**Action item**
Nothing but the lines below from the one that contains "玩家们能看出来这货跟上面鲁恩" through the one that contains "商品名称:谛品居寻味十八珍山珍礼盒660g" should be retyped, exactly and including both ends. Do not include pictures.

**Provided information**
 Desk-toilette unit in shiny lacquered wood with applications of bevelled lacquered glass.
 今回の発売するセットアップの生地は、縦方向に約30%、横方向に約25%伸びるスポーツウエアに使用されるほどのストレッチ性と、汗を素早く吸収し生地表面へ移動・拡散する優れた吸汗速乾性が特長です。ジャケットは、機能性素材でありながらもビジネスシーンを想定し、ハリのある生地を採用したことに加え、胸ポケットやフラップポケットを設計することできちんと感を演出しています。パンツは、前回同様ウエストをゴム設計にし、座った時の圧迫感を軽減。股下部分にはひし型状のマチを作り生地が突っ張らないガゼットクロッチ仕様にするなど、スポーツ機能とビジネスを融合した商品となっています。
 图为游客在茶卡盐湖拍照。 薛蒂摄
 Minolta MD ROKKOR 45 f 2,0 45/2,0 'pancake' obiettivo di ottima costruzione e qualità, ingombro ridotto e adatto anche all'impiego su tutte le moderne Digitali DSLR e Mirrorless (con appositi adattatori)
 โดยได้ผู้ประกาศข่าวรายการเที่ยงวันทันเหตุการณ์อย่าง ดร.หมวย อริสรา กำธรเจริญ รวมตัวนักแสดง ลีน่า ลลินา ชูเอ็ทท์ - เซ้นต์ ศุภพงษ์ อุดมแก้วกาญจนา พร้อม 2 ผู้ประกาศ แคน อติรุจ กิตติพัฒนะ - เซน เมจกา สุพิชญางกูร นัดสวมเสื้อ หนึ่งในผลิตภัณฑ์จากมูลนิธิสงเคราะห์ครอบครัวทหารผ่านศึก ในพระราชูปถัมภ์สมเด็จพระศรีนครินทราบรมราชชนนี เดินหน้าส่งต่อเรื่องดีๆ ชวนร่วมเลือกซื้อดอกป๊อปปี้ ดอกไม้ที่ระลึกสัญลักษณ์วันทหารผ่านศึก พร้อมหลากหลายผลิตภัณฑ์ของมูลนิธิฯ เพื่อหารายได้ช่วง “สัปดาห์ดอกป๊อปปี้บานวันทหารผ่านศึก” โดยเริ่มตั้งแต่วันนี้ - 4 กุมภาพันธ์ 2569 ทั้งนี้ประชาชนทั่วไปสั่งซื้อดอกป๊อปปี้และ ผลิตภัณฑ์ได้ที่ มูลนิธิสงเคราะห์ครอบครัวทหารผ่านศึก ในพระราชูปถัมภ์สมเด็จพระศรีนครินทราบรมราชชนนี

* * *

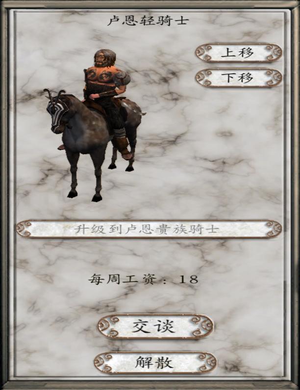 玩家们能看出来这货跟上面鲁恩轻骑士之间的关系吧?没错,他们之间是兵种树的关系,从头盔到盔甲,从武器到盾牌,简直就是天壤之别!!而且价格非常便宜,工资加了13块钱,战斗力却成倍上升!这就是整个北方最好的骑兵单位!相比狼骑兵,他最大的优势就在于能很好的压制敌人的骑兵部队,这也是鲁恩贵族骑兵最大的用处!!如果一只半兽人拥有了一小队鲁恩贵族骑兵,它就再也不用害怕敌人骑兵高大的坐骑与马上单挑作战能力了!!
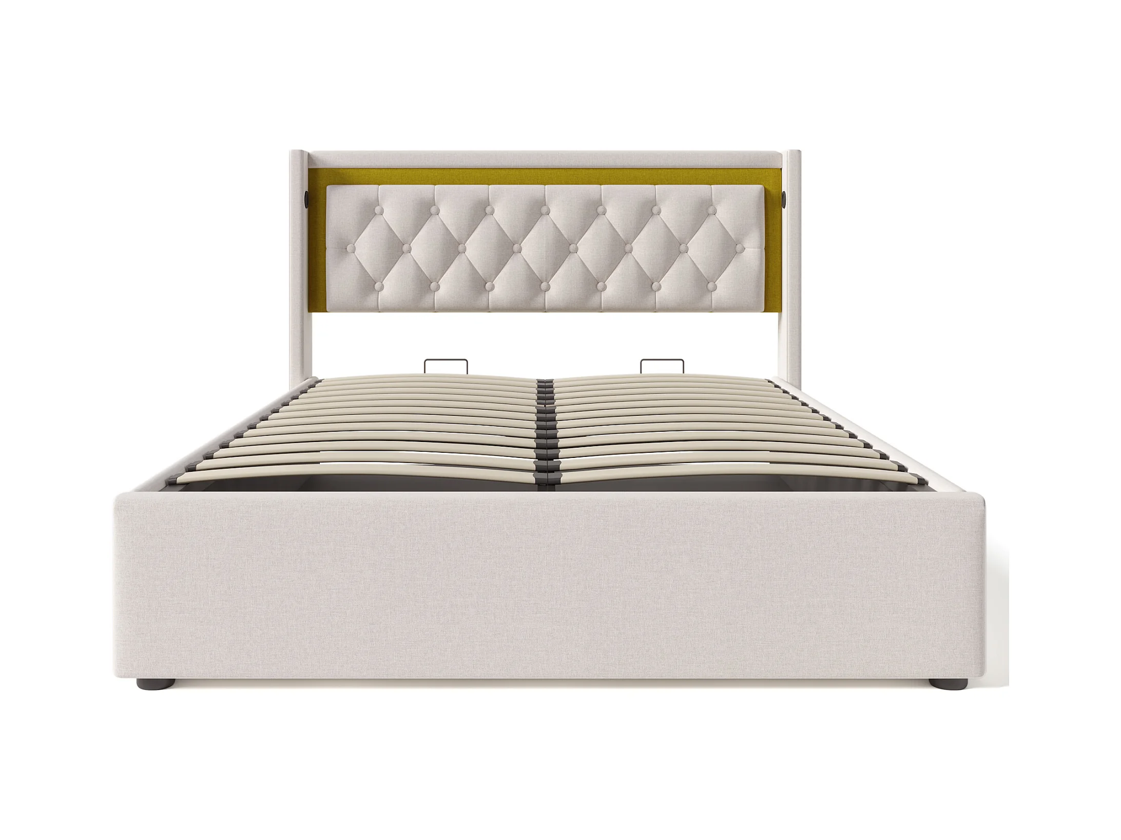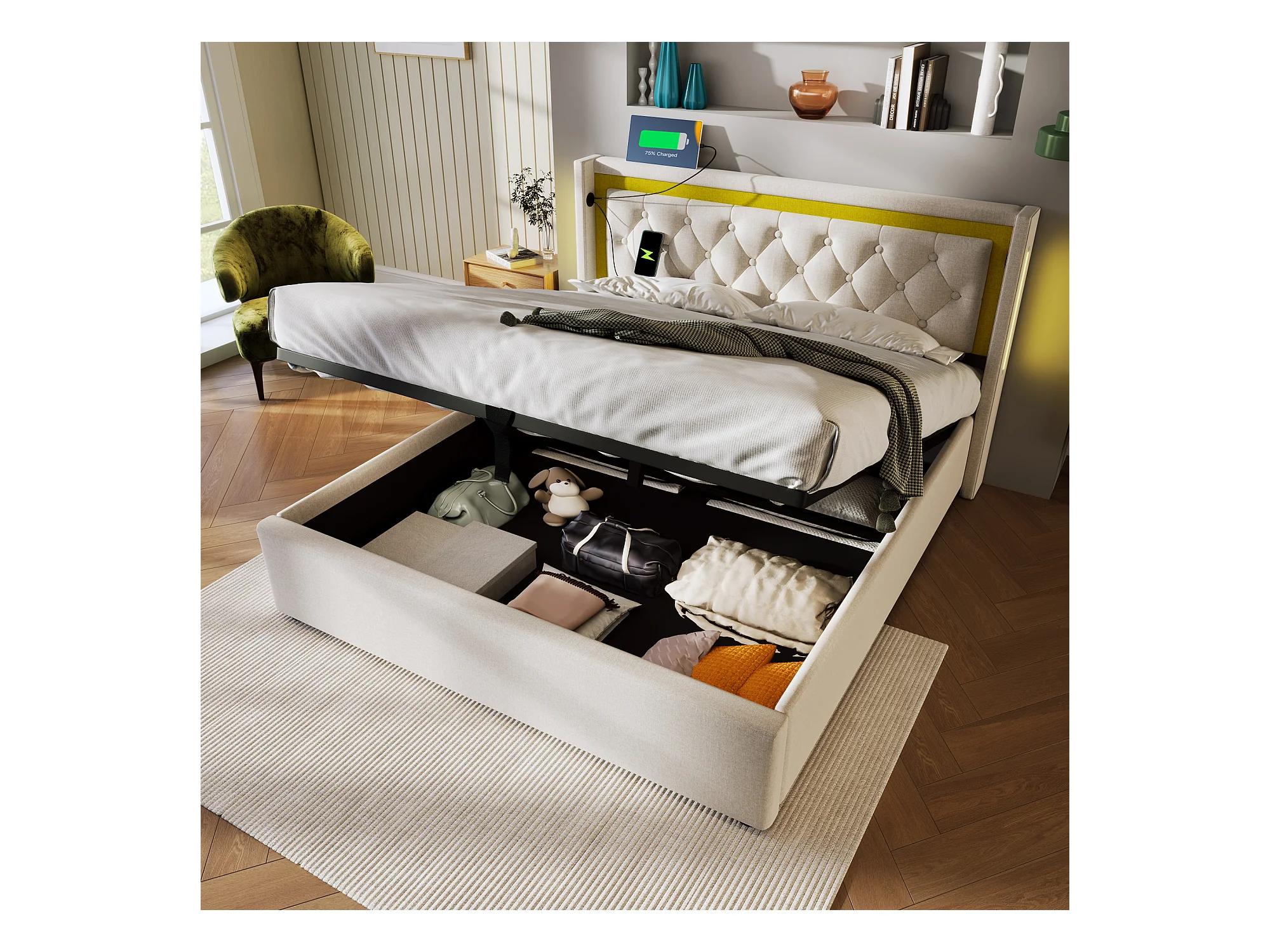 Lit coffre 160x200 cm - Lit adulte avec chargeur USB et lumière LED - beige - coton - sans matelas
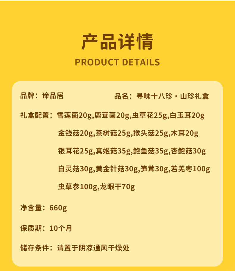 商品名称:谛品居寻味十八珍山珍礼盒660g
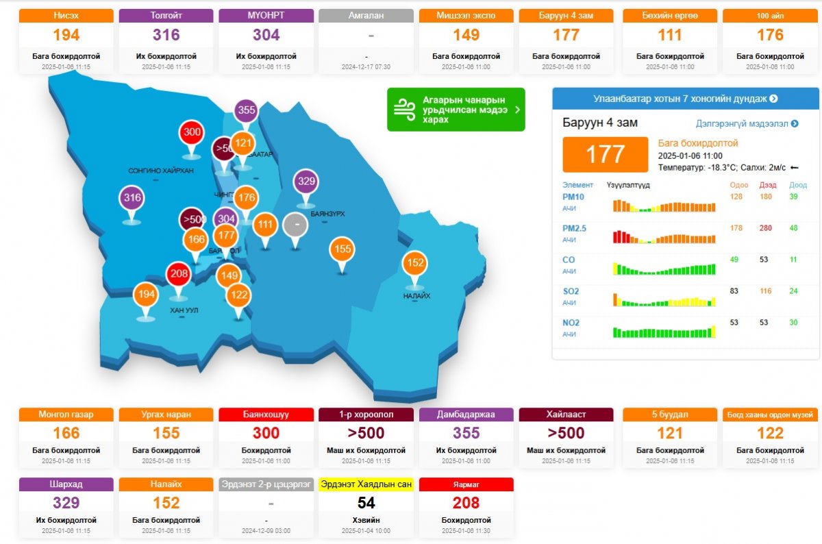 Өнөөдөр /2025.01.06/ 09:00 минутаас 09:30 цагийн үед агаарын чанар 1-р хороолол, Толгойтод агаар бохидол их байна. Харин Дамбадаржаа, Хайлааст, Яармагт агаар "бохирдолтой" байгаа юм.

**Answer box**
 玩家们能看出来这货跟上面鲁恩轻骑士之间的关系吧?没错,他们之间是兵种树的关系,从头盔到盔甲,从武器到盾牌,简直就是天壤之别!!而且价格非常便宜,工资加了13块钱,战斗力却成倍上升!这就是整个北方最好的骑兵单位!相比狼骑兵,他最大的优势就在于能很好的压制敌人的骑兵部队,这也是鲁恩贵族骑兵最大的用处!!如果一只半兽人拥有了一小队鲁恩贵族骑兵,它就再也不用害怕敌人骑兵高大的坐骑与马上单挑作战能力了!!
 Lit coffre 160x200 cm - Lit adulte avec chargeur USB et lumière LED - beige - coton - sans matelas
 商品名称:谛品居寻味十八珍山珍礼盒660g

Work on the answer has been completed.